Added: Alesia Volker - Date: 02.03.2022 08:15 - Views: 12577 - Clicks: 5784
Introduction: Research related to the automatic detection of Alzheimer's disease AD is important, given the high prevalence of AD and the high cost of traditional diagnostic methods.
Since AD ificantly affects the content and acoustics of spontaneous speech, natural language processing, and machine learning provide promising techniques for reliably detecting AD. There has been a recent proliferation of classification models for AD, but these vary in the datasets used, model types and training and testing paradigms. In this study, we compare and contrast the performance of two common approaches for automatic AD detection from speech on the same, well-matched dataset, to determine the advantages of using domain knowledge vs.

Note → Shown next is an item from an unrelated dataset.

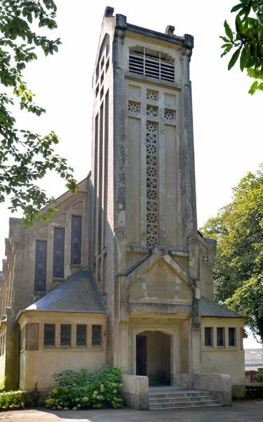 Edifice en béton armé, avec plan en croix latine et transept saillant. Le chevet est polygonal.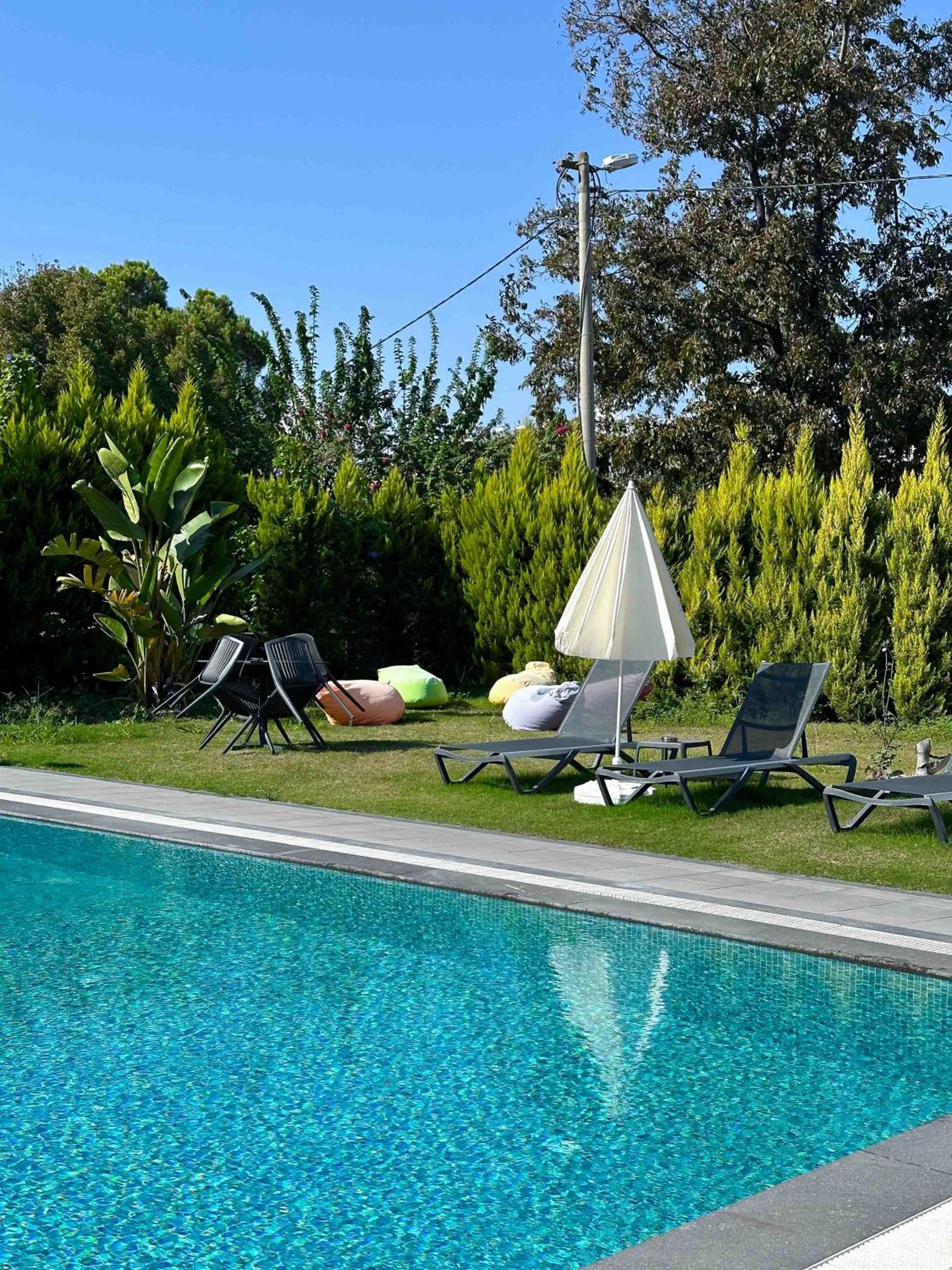 Unwind by the seasonal outdoor pool, stroll through the lush garden, or enjoy breathtaking views from the terrace overlooking Calis Beach.

Two approaches were used for classification of these speech samples: 1 using domain knowledge: extracting an extensive set of clinically relevant linguistic and acoustic features derived from speech and transcripts based on prior literature, and 2 using transfer-learning and leveraging large pre-trained machine learning models: using transcript-representations that are automatically derived from state-of-the-art pre-trained language models, by fine-tuning Bidirectional Encoder Representations from Transformer BERT -based sequence classification models.
: We compared the utility of speech transcript representations obtained from recent natural language processing models i. Both the feature-based approaches and fine-tuned BERT models ificantly outperformed the baseline linguistic model using a small set of linguistic features, demonstrating the importance of extensive linguistic information for detecting cognitive impairments relating to AD. We observed that fine-tuned BERT models numerically outperformed feature-based approaches on the AD detection task, but the difference was Local women who want to fuck Sneisa statistically ificant.
Our main contribution is the observation that when tested on the same, demographically balanced dataset and tested on independent, unseen data, both domain knowledge and pretrained linguistic models have good predictive performance for detecting AD based on speech. It is notable that linguistic information alone is capable of achieving comparable, and even numerically better, performance than models including both acoustic and linguistic features here.
We also try to shed light on the inner workings of the more black-box natural language processing model by performing an interpretability analysis, and find that attention weights reveal interesting patterns such as higher attribution to more important information content units in the picture description task, as well as pauses and filler words.
Conclusion: This approach supports the value of well-performing machine learning and linguistically-focussed processing techniques to detect AD from speech and highlights the need to compare model performance on carefully balanced datasets, using consistent same training parameters and independent test datasets in order to determine the best performing predictive model.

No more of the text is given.